In the SCHEDULER controller, we iterate over each of the packets in the work list. We send the packet to our scheduler function, who will populate the correct queue with the new packet. The last thing this controller does is check if this is the last packet, and issue the DONE packet if so. The tricky part about this is that we need to guarantee that this special packet will not jump ahead of a true work packet. Without this Pipe explicitly gating the final packet generation from the rest of the controller, the retimer inside of Spatial will see a short chain of primitives being used to generate the DONE enqueue, and potentially a long but independent chain of primitives being used to generate the work packet enqueue (inside of schedule()). Retiming preserves program order in some cases, but this is not one of those cases in the current version of Spatial.
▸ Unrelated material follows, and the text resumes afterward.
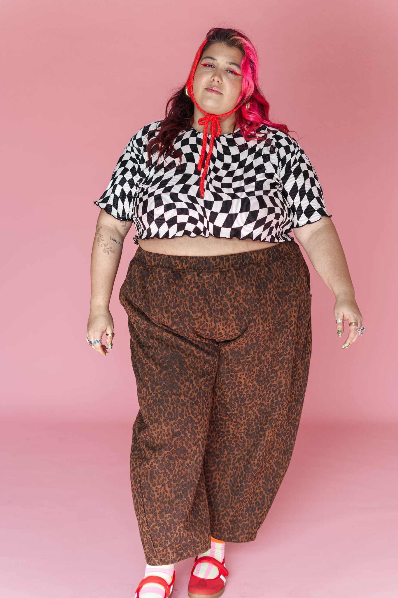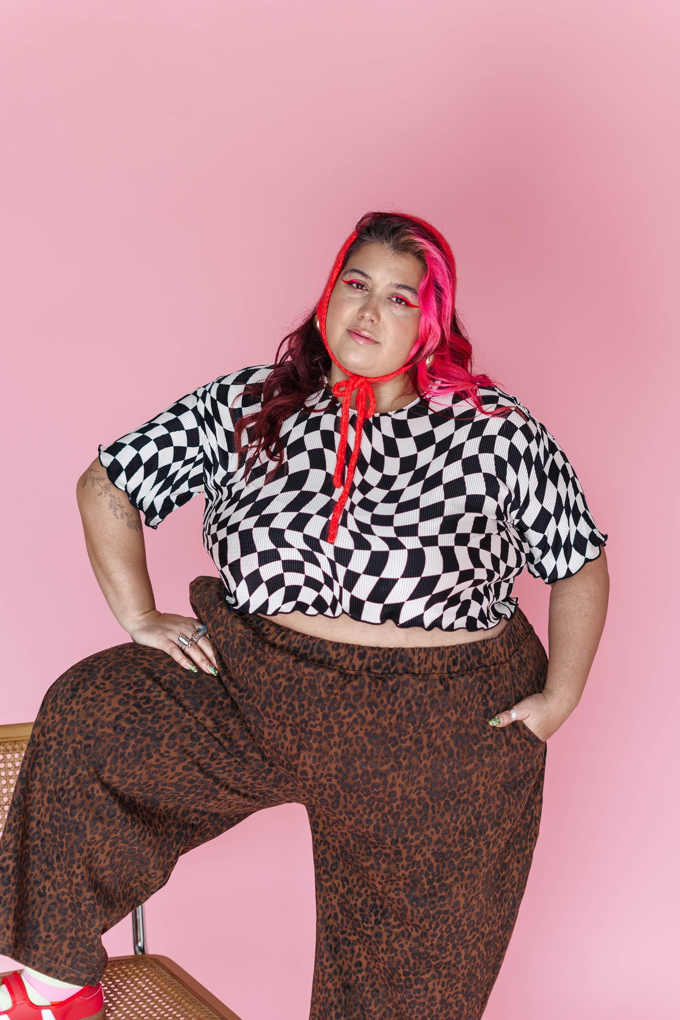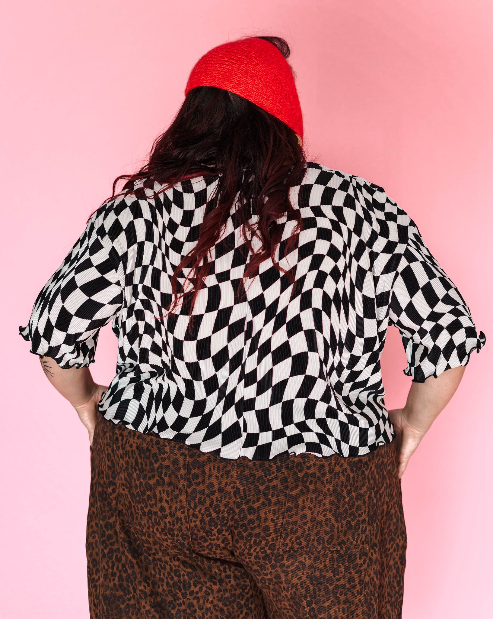 Wiggly Checkers: Instead of tidy little squares, this print goes full funhouse. The checks are warped, wavy, and a tiny bit trippy—some areas bend more than others, and that irregular vibe is exactly what we love about it. It looks like it’s gently in motion even when you’re standing still.

Next, we create three WORKERs. The only difference between each worker is that they operate on a different history queue and counter register. Each counter is set to run forever, using the Foreach(*) syntax. We choose to use an infinite counter in these controllers because we want each worker to run any time it receives a packet, regardless of how many packets it has processed already. The direct parent of these workers is the Stream controller, so as long as the inbound work queue has a valid element, the controller will get to run for another iteration. The only way these workers can send a done signal to their parent is when their respective breakWhen register raises. We allocated these registers previously, but we set them inside the body of the worker. Spatial only supports breakWhen for unparallelized Sequential and Stream controllers. Breaking a Sequential controller is the safest way to map the idea of a loop break to hardware, because the scheduling ensures there is no pipelining and no way for previous iterations to still be draining through the retime chains when the break condition is raised. Because of this, using this syntax for Stream controllers is strongly discouraged, because it can easily lead to unexpected behavior. There are only a few limited and specific cases where a Stream should be used with a breakWhen condition.
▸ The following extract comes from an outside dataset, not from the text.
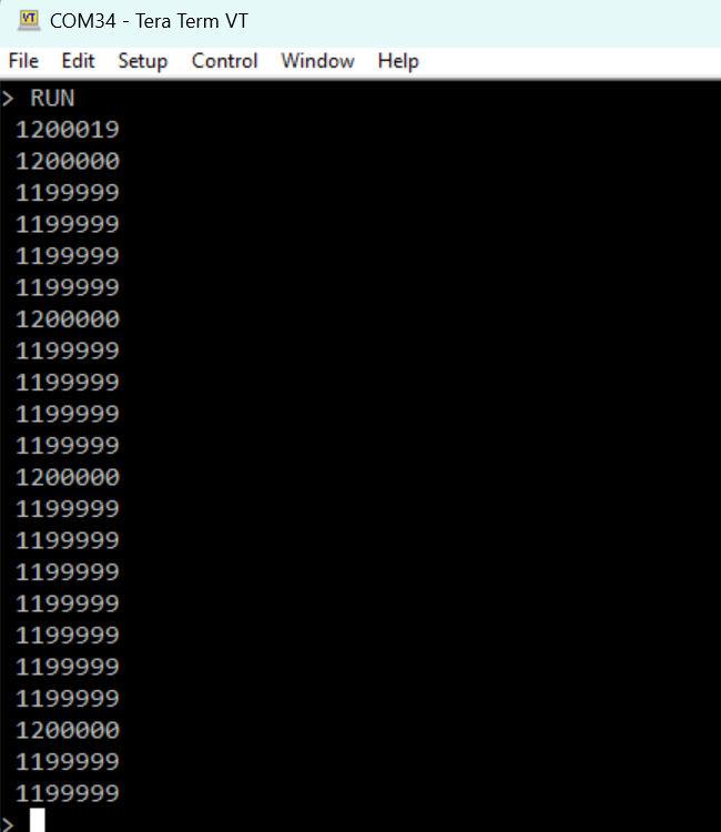 The COUNT function uses interrupts and will easily do what you want. Count pins are automatically set up with hysteresis to avoid noise. Easily proven. Connect GP0 to GP8. SETPIN GP0,pwm setpin gp8,cin pwm 0,20000,60 settick 60000,myint do loop sub myint a%=pin(gp8) pin(gp8)=0 print a% end sub Edited 2023-11-09 20:18 by matherp |

We finish by using the three done FIFORegs to trigger the FINISHER pipe. Only when all three of these registers have valid data will the controller enable and process its body. We start by setting the status ArgOut, and then we interleave the history data from each of the workers. We choose to use an FSM here, which dequeues from one FIFO at a time and determines which one has the lowest index. We then tag the aggregatedHistory with an id for the worker that worked on a particular packet until all three history packets have been drained. We then send this information out to DRAM.

On the host, we check if the app did what we expected it to do. We ensure that all three workers combined have processed the entire work list by checking if the sum of the three counters is equal to the sum of the work list. We expect that each worker processed roughly the same amount, especially if a large number of packets was used. We also check to make sure each of the packets was truly claimed by one of the workers by looking at the aggregated history. We expect to see that the workload was distributed evenly among the workers by a somewhat random pattern in the history.